══ Data to process ══
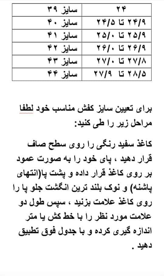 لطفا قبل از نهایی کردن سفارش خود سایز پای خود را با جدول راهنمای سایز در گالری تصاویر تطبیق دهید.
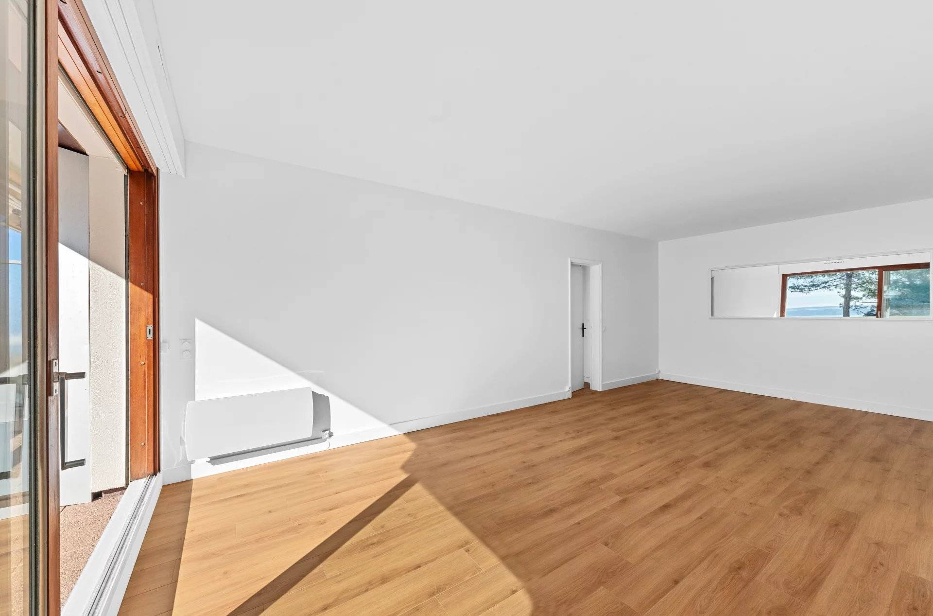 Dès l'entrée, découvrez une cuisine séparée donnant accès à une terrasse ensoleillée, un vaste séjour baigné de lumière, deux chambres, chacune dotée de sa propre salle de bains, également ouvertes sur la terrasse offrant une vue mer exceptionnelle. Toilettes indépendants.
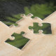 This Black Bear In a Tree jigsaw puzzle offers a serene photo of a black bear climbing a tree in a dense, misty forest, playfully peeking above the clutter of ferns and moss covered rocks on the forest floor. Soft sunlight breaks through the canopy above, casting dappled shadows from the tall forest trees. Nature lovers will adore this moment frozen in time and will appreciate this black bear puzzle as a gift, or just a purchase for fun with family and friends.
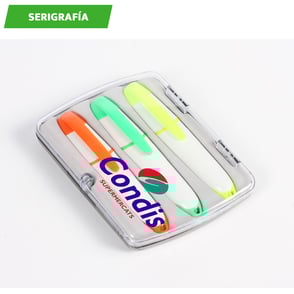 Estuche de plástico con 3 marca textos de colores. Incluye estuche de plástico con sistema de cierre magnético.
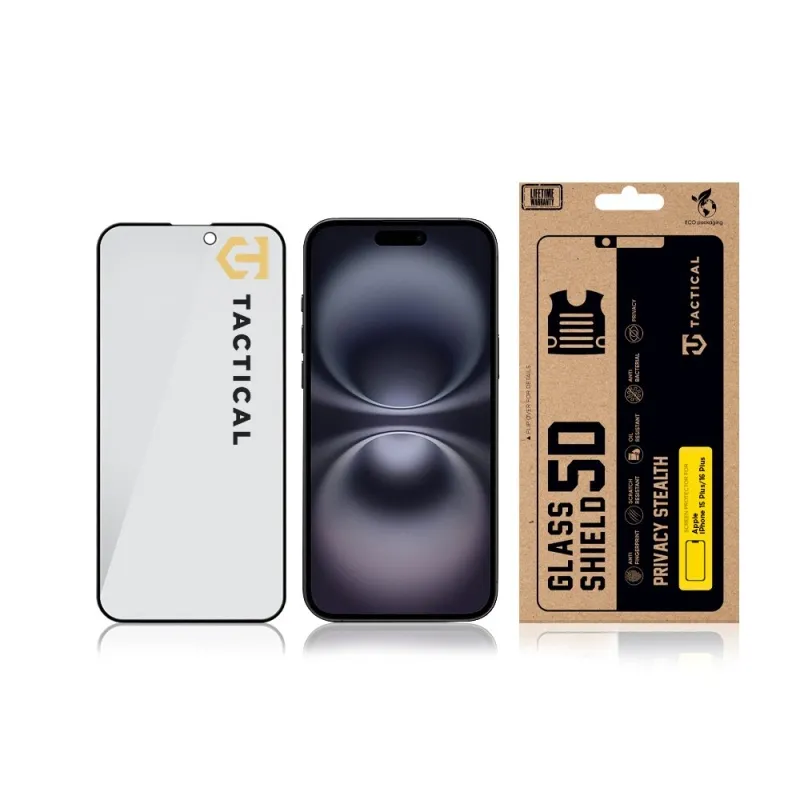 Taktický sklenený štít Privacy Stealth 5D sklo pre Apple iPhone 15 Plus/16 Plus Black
═══
(Activity):
Nothing but an exact copy belongs in the answer: the lines from the top of the records through the line containing "Dès l'entrée, découvrez", minus the pictures.

(Response to this exercise):
 لطفا قبل از نهایی کردن سفارش خود سایز پای خود را با جدول راهنمای سایز در گالری تصاویر تطبیق دهید.
 Dès l'entrée, découvrez une cuisine séparée donnant accès à une terrasse ensoleillée, un vaste séjour baigné de lumière, deux chambres, chacune dotée de sa propre salle de bains, également ouvertes sur la terrasse offrant une vue mer exceptionnelle. Toilettes indépendants.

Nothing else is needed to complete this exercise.